In our lab we use zebrafish as an experimental model to investigate how chronic cortisol exposure in early life, such as a developing fetus might experience in utero when the pregnant mother is chronically stressed, produces persistent effects that undermine health later in life. Cortisol functions as a stress hormone in fish just as it does in humans. In initial work we found that zebrafish larvae treated with cortisol for just the first five days of life (prior to the onset of feeding) have increased pro-inflammatory gene activity and develop into adults that fail to regulate those same genes normally following injury or in response to immunological challenge. Those studies established that zebrafish can be used as an experimental model to elucidate the mechanisms by which early life stress compromises later life immune system function. Using zebrafish mutants that we generated using CRISPR, in a study just published in Scientific Reports we discovered that the increased proinflammatory gene activity observed in cortisol-treated embryos depends on both the GR and klf9, a gene that is activated by the GR. Like the GR, Klf9 is a transcription factor, i.e. a protein that functions to turn other genes on or off. While Klf9 is known to function in multiple stress-response pathways, its role in cortisol-activated GR signaling and immune gene regulation is largely unknown, a knowledge gap that we are now working to fill.

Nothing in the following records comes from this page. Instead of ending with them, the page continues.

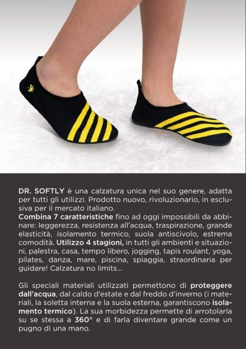 Dr. Softly è una calzatura unica nel suo genere, adatta per tutti gli utilizzi. Prodotto nuovo, rivoluzionario, in esclusiva per il mercato italiano. Combina 7 caratteristiche fino ad oggi impossibili da abbinare: leggerezza, resistenza all’acqua, traspirazione, grande elasticità, isolamento termico, suola antiscivolo, estrema comodità. Utilizzo 4 stagioni, in tutti gli ambienti e situazioni, palestra, casa, tempo libero, jogging, tapis roulant, yoga, pilates, danza, mare, piscina, spiaggia, straordinaria per guidare! Calzatura no limits...
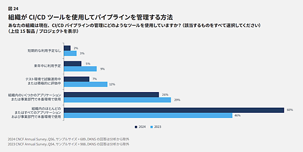 最後に、継続的インテグレーション(CI)と継続的デリバリー(CD)の手法について記述されています。これらの手法が多くの組織で採用されており、2024年には使用率が大幅に増加していると報告しています。具体的には、60%の組織がほとんどのアプリケーションでCI/CDツールを使用しており、2023年の46%から2024年には60%に増加。CI/CDツールの使用率が全体的に成長しています。
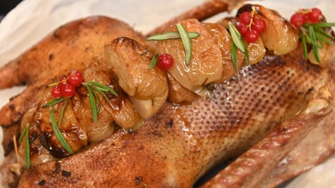 Гусь с мочеными яблоками, капустой и брусникой. Пастуший пирог
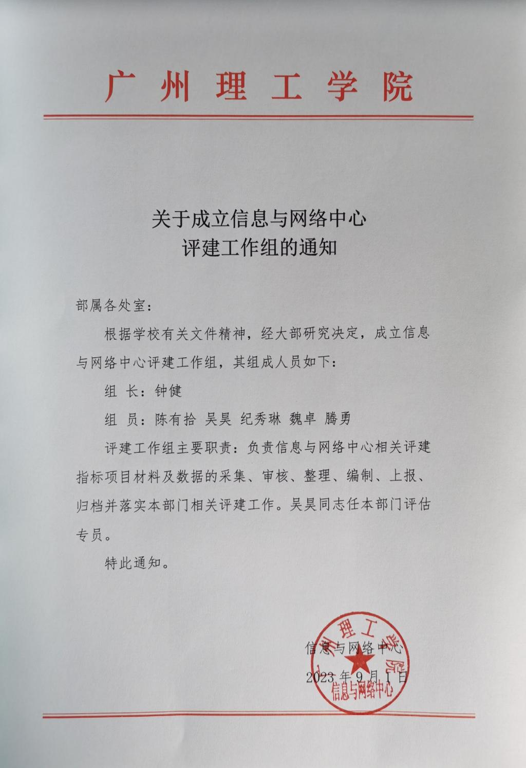 关于成立信息与网络中心评建工作组的通知

If cortisol normally works to suppress inflammation, why does proinflammatory gene activity increase in cortisol-treated embryos? Our study also provided a clue to answering that question. We found that while most of the effects of the cortisol treatment on gene activity are mediated by the GR, gene activity in cortisol-treated embryos with a GR was paradoxically more like that in untreated embryos lacking a GR than that in untreated embryos with a GR. This suggests that the embryos adapt physiologically to the chronic cortisol exposure by developing resistance to GR activation, which would render the anti-inflammatory function of the GR less effective. This is consistent with many studies linking chronic stress and chronic inflammation to GR resistance. The question then is: what is the mechanism that confers GR resistance? We believe that Klf9 may be key to answering that question. As noted above, in mutant embryos lacking Klf9, proinflammatory gene activity is not increased by cortisol treatment. Although we do not yet know why that is, our unpublished data suggest that Klf9 works to optimize the temporal activity dynamics of genes that both respond to and regulate GR activity, and hence cellular responsivity to cortisol. Ongoing and future work in our lab will test that hypothesis and elucidate how Klf9 contributes to both normal GR function and regulation of the immune system, and how those functions are compromised by chronic stress.